They say these amazingly obvious things like: "I eat breakfast and then I don't eat anything until dinner, and then eat a small volume, only until I'm juuust full, and then I fast until breakfast." I feel so much better and I lost so much weight, robbledy-robbledy-robble.

Really? Wow. So... eat reasonably-sized meals, maybe don't eat a Biggie-Sized Wendy's meal every day at lunch, and you'll arrive at dinner appropriately hungry? What a radical concept! You mean you DON'T feel like a sluggish, semi-hibernating Grizzly throughout the waking hours because you don't stuff yourself to lethargy 3-4 times a day?
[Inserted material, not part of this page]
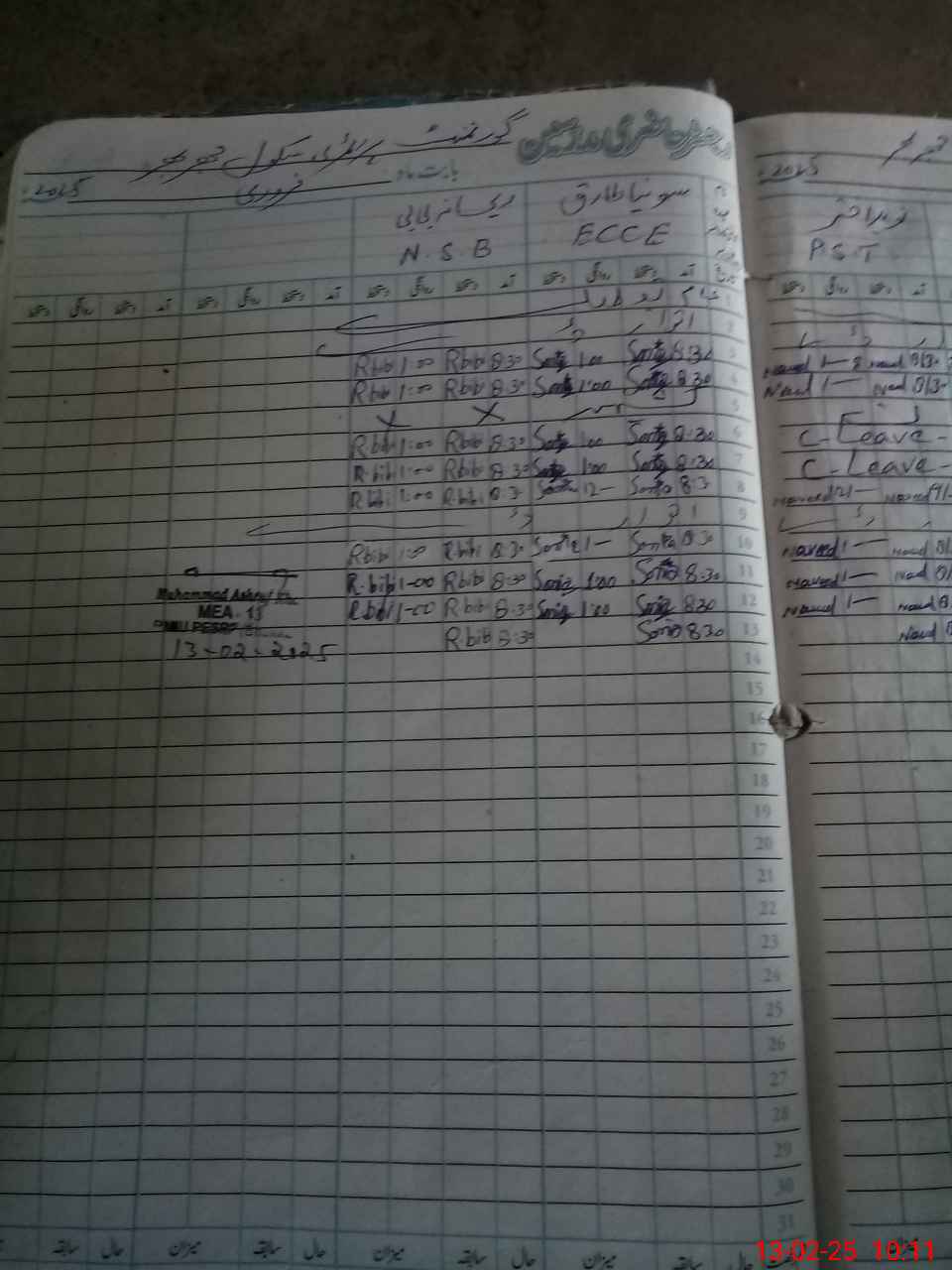 | CNIC | Full Name | Designation | R/C | Absence During Last Calender Month |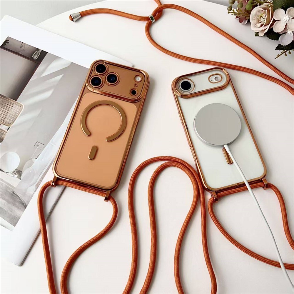 For iPhone 17 Pro Case Compatible with MagSafe Electroplating Edge TPU Phone Cover with Screen Film / Shoulder Strap – Orange

Wow, you must really be ONTO something here, Osler! You mean you wake up hungry for a hot breakfast, and can't wait to make yourself that steel-cut oatmeal dish that someone posted on their momBlog? Alert the media! Call CNN!

Food is good. Don't eat until you're overstuffed, and don't eat again until you're hungry.

Radical idea, I know.

This rant wasn't as creative as it could be. I'm hoping to make up for it in the thread with some sharp ones.
Sounds like they're doing it wrong. I do IF, but no one really knows I do since I'm not annoying. I fast for 18 hours. If a person eats any calories in their fast window then they're faking IF.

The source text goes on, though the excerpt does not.